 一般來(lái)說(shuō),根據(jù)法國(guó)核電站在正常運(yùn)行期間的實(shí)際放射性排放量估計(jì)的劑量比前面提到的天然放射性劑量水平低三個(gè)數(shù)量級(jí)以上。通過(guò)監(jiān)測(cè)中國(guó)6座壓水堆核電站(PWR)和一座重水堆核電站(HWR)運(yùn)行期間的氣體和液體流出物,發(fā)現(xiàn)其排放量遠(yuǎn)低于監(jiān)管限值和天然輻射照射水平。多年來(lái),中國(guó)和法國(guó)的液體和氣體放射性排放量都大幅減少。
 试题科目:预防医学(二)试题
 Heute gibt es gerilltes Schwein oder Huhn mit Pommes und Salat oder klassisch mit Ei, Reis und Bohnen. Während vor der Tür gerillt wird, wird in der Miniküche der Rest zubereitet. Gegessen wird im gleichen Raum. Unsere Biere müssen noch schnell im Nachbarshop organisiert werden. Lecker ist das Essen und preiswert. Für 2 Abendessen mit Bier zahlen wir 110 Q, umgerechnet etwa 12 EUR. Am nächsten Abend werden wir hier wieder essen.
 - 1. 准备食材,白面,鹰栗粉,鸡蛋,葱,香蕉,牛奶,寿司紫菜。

** Exercise prompt **
From the first line through the last, give the data above again exactly.

** Answer for this exercise **
 一般來(lái)說(shuō),根據(jù)法國(guó)核電站在正常運(yùn)行期間的實(shí)際放射性排放量估計(jì)的劑量比前面提到的天然放射性劑量水平低三個(gè)數(shù)量級(jí)以上。通過(guò)監(jiān)測(cè)中國(guó)6座壓水堆核電站(PWR)和一座重水堆核電站(HWR)運(yùn)行期間的氣體和液體流出物,發(fā)現(xiàn)其排放量遠(yuǎn)低于監(jiān)管限值和天然輻射照射水平。多年來(lái),中國(guó)和法國(guó)的液體和氣體放射性排放量都大幅減少。
 试题科目:预防医学(二)试题
 Heute gibt es gerilltes Schwein oder Huhn mit Pommes und Salat oder klassisch mit Ei, Reis und Bohnen. Während vor der Tür gerillt wird, wird in der Miniküche der Rest zubereitet. Gegessen wird im gleichen Raum. Unsere Biere müssen noch schnell im Nachbarshop organisiert werden. Lecker ist das Essen und preiswert. Für 2 Abendessen mit Bier zahlen wir 110 Q, umgerechnet etwa 12 EUR. Am nächsten Abend werden wir hier wieder essen.
 - 1. 准备食材,白面,鹰栗粉,鸡蛋,葱,香蕉,牛奶,寿司紫菜。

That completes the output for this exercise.